Most of the adults seem unhinged. While the medical and legal professionals emerge as caricatures, Homes presents the children, particularly George’s son, Nate, as the presiding, and prevailing, moral centre. This boy, who loved his dead mother and fears his father, is a touching if not entirely convincing creation. Homes plays dangerously with the subject of child sexual abuse and is guilty of handling it here in way that is surprisingly lazy as well as tasteless.

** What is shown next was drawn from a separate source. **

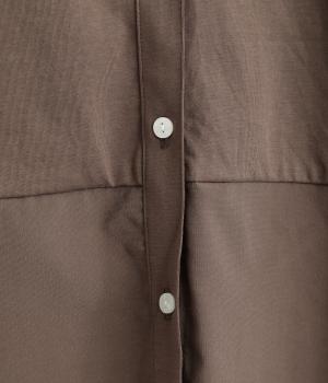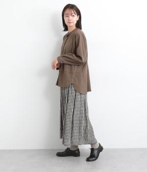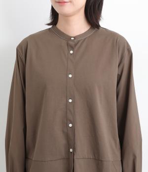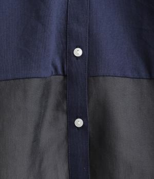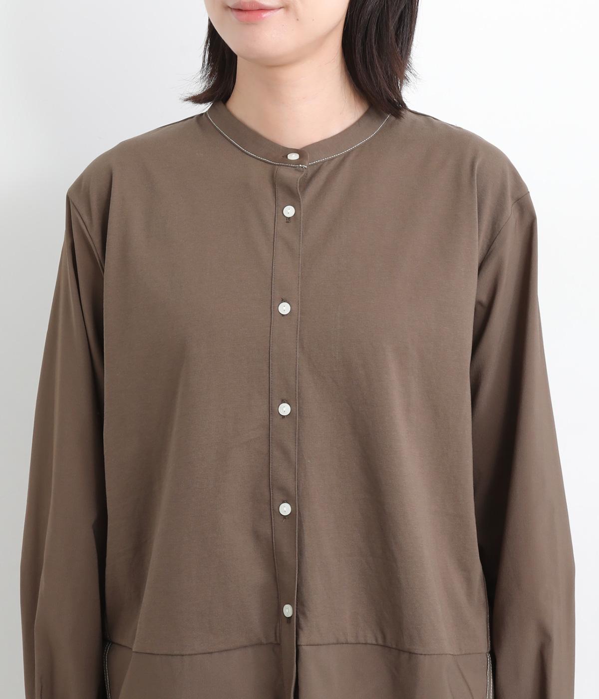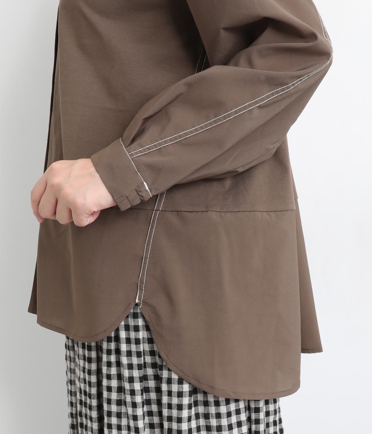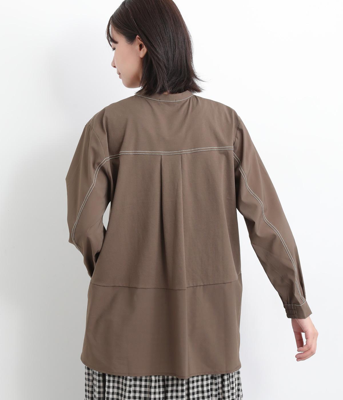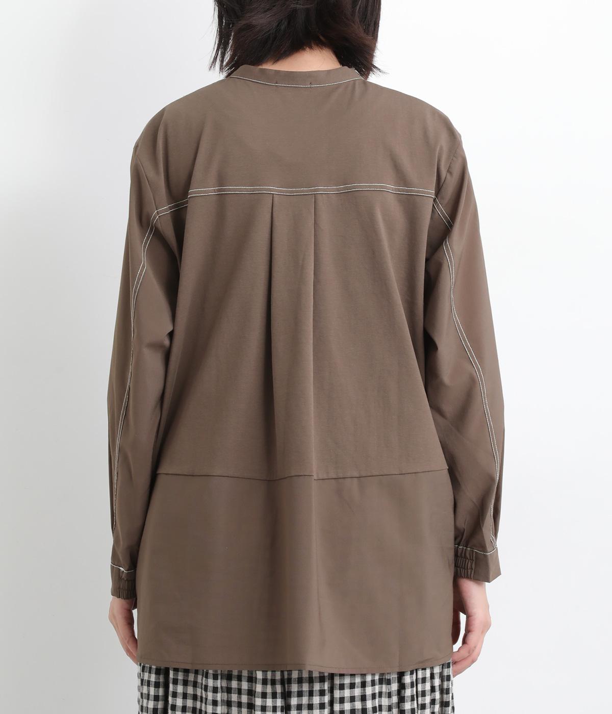 異素材を配色ステッチでバランスよくまとめた一枚。ノーカラーで顔まわりはすっきりと仕上げ、前後差のある裾がほどよい抜け感を演出します。シンプルながら、どこかこなれた印象を与えるシャツです。

Her Jewish jokes work, and the gags featuring panic attacks and depression are entertaining, but Homes has perhaps too much cheap fun with dementia, mental illness, electroshock therapy and so on. Harry decides to visit his mother in the nursing home. Her bed is empty, but her room-mate is excited by the visit. “I’m Harry. I’m here for your neighbour. I’m her son.” The old lady asks, “How do you know?” To which Harry replies, “Because she was in the house when I was growing up.” He then asks, “What’s your name?” The old lady answers, “I don’t know. What’s in a name?” Elsewhere another elderly woman, when asked how long she has been married, replies, “Since the beginning of time.”

Harry attends his nephew’s winter weekend, filling the role of the boy’s father. All of the hotels are full, so he rents a child’s bedroom in a BB. He thinks, “In this tiny bed, this tiny room, I have a moment of clarity. I am a grown man who has hardly grown. I am like Oskar in The Tin Drum, refusing to grow.”

By this stage Harry has already experienced a crying attack in a park (not to mention a stroke), has lost his job, has bumped into Don DeLillo and has witnessed a murder.

May We Be Forgiven is extreme on many levels. Homes has confidently taken a story and stretched it into a funny, fast-moving, picaresque, baggy satire that reinvents itself a few times before subsiding into a feelgood glow that nevertheless intones not so much God bless as God help America.